L’âme de l’automne

 

 

                                                          À M. l’abbé Camille Roy.

 

Automne, l’Été cher a clos son œuvre verte,

Fruits et feuilles dont l’arbre en août s’est couronné,

Viens dans la terre où, roi des bois, l’érable est né,

Pays que la corneille aux mois venteux déserte,

Automne, l’Été cher a clos son œuvre verte.

 

Automne, à toi Septembre, à toi ses matins gris,

Moins prompts à révéler la gloire des collines.

Fais tes nuages flous, comme des mousselines,

Rapides, moutonner sur l’azur des midis.

Automne, à toi Septembre, à toi ses matins gris !

 

Je te reviens.
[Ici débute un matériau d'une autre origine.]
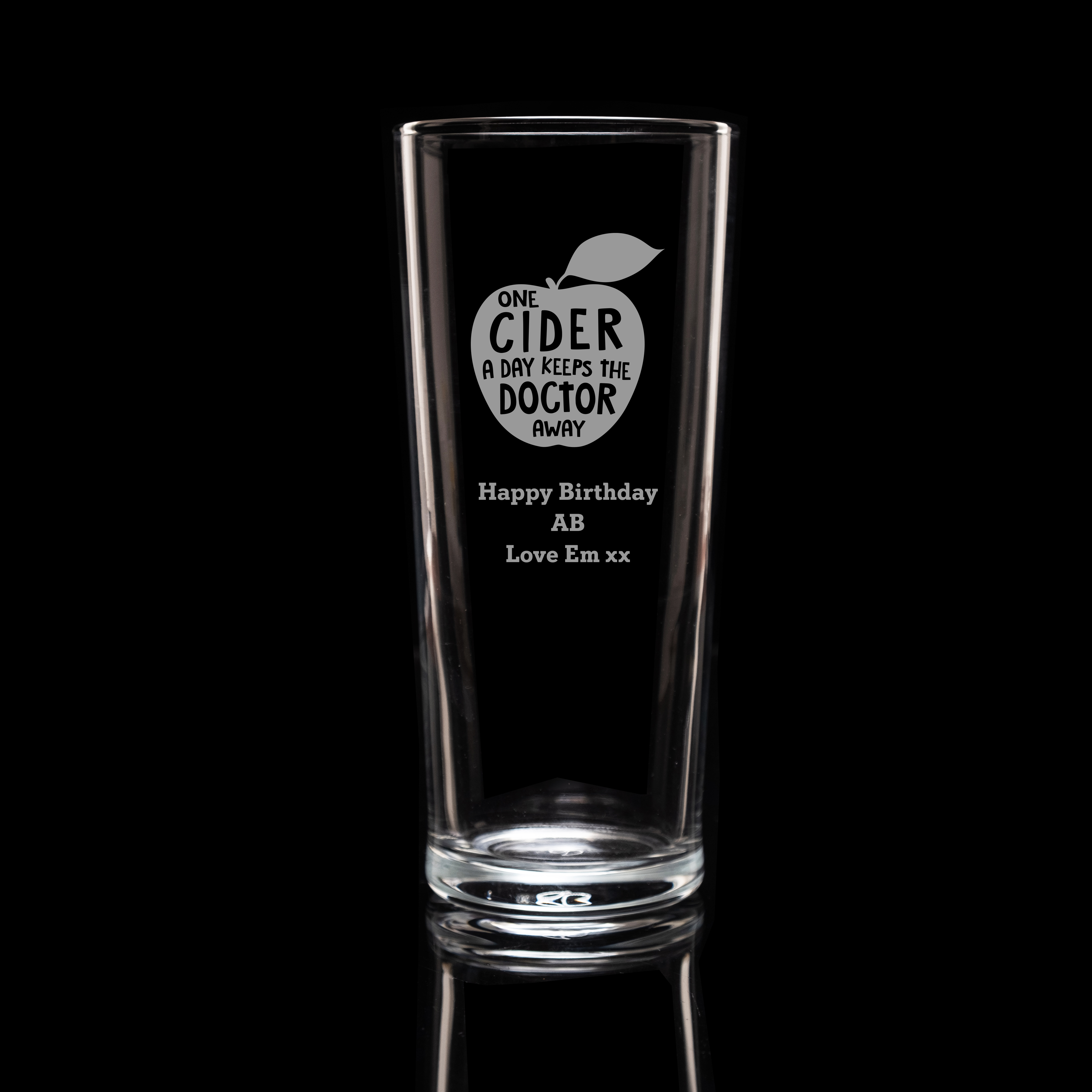 Cider a day design: With bold apple shaped "One Cider a day keeps the doctor away" design this glass is suitable for any cider fan. Whether traditional apple cider is their favourite or mixed fruit cider is their thing, this glass is sure to bring a smile everyday its used.
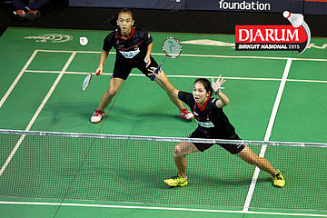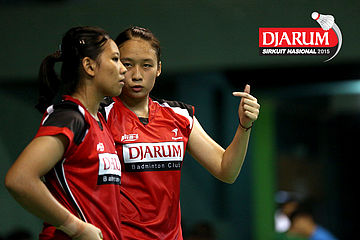 Felicia Parmenas/Tutut Novi (Djarum Kudus) saling berkoordinasi.

Automne, ami des vents hostiles,

Pour redire la pourpre et l’ambre que tu mets

Sur la mélancolie auguste des forêts,

Tandis qu’un ciel d’étain s’alourdit sur les villes,

Je te reviens, Automne, ami des vents hostiles.

 

Rêveur, j’aime à semer des strophes dans les bois,

Quand les chênes rouillés font les montagnes rousses,

Que les vents, dans les soirs tumultueux et froids,

Enchevêtrant les pins austères, se courroussent,

Rêveur, j’aime à semer des strophes dans les bois.

 

J’aime à vivre les jours où rit la feuille blonde.

Depuis mes jeunes ans j’ai connu leur beauté :

L’aspect des bois jaunis me fait l’âme profonde.

Ah ! les heures d’octobre où naufrage l’Été !...

J’aime à vivre les jours où rit la feuille blonde.

 

Automne, gloire à toi dans les forêts du Nord !

Empourpre les sumacs, fais les herbes ardentes,

Donne à mes yeux de voir, ainsi qu’un fleuve d’or,

Fuir la zone des bois jaunes le long des pentes,

Automne, gloire à toi dans les forêts du Nord !

 

Je connaîtrai le deuil de l’érable et du chêne.

Je mêlerai mon rêve à l’adieu des bouleaux,

Tandis que les matins aveugleront la plaine,

Et voileront de bleu la ligne des coteaux.

Je connaîtrai le deuil de l’érable et du chêne.

 

Je verrai s’ajourer les érables carmins.

Déjà sur les monts roux leurs branches se défeuillent.

Sans fin dans le silence humide des chemins,

D’un vol oblique et lent s’abandonnent les feuilles.

Je verrai s’ajourer les érables carmins.

 

Bientôt, Novembre en pleurs fera gémir nos portes,

Et lorsque ses frimas fleuriront les ruisseaux,

Le dernier, je viendrai pleurer les feuilles mortes,

Et joindrai ma tristesse au départ des oiseaux.

Bientôt, Novembre en pleurs fera gémir nos portes.

 

Pensif, je viens semer mes strophes dans les bois

Dont le feuillage ardent fait les collines rousses.

Automne, que tes soirs tumultueux et froids,

Enchevêtrant les pins austères, se courroussent !

Pensif, je viens semer mes strophes dans les bois.

 

Puisse ma vie un jour te ressembler, Automne,

Et, comme l’arbre meurt par delà l’Été bleu,

Puisse-t-elle, pensive, harmonieuse et bonne,

S’éteindre dans l’amour et la gloire de Dieu,

Puisse ma vie un jour te ressembler. Automne !

 

 

      Sur le Mont-Royal,

         automne 1908.

 

 

 

Albert FERLAND, Le Canada chanté, 1908.